## Instructions to follow
Could you give the data below again exactly, apart from the pictures?

## Collected material
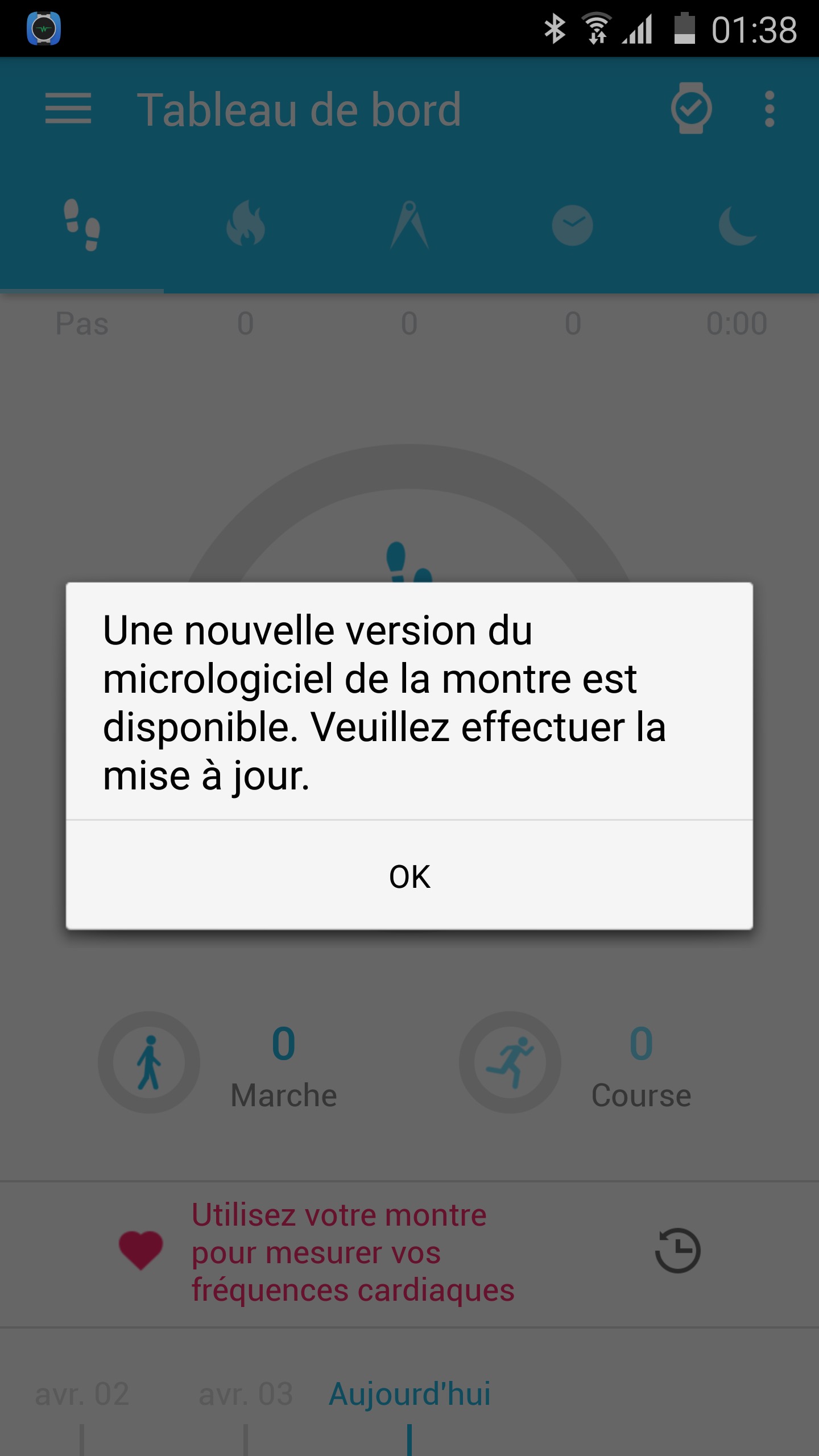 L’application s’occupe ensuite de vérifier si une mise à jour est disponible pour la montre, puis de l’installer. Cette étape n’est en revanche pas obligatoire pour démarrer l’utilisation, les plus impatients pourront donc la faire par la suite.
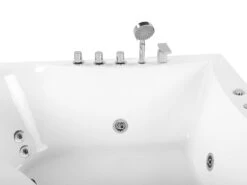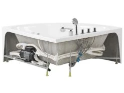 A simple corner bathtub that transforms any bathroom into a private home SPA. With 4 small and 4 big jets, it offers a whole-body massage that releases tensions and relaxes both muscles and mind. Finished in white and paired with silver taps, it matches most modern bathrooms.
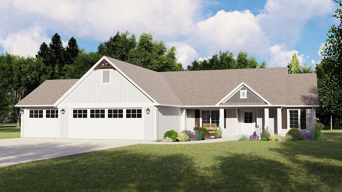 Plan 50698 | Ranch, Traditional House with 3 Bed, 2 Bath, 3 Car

## Response to the exercise
 L’application s’occupe ensuite de vérifier si une mise à jour est disponible pour la montre, puis de l’installer. Cette étape n’est en revanche pas obligatoire pour démarrer l’utilisation, les plus impatients pourront donc la faire par la suite.
 A simple corner bathtub that transforms any bathroom into a private home SPA. With 4 small and 4 big jets, it offers a whole-body massage that releases tensions and relaxes both muscles and mind. Finished in white and paired with silver taps, it matches most modern bathrooms.
 Plan 50698 | Ranch, Traditional House with 3 Bed, 2 Bath, 3 Car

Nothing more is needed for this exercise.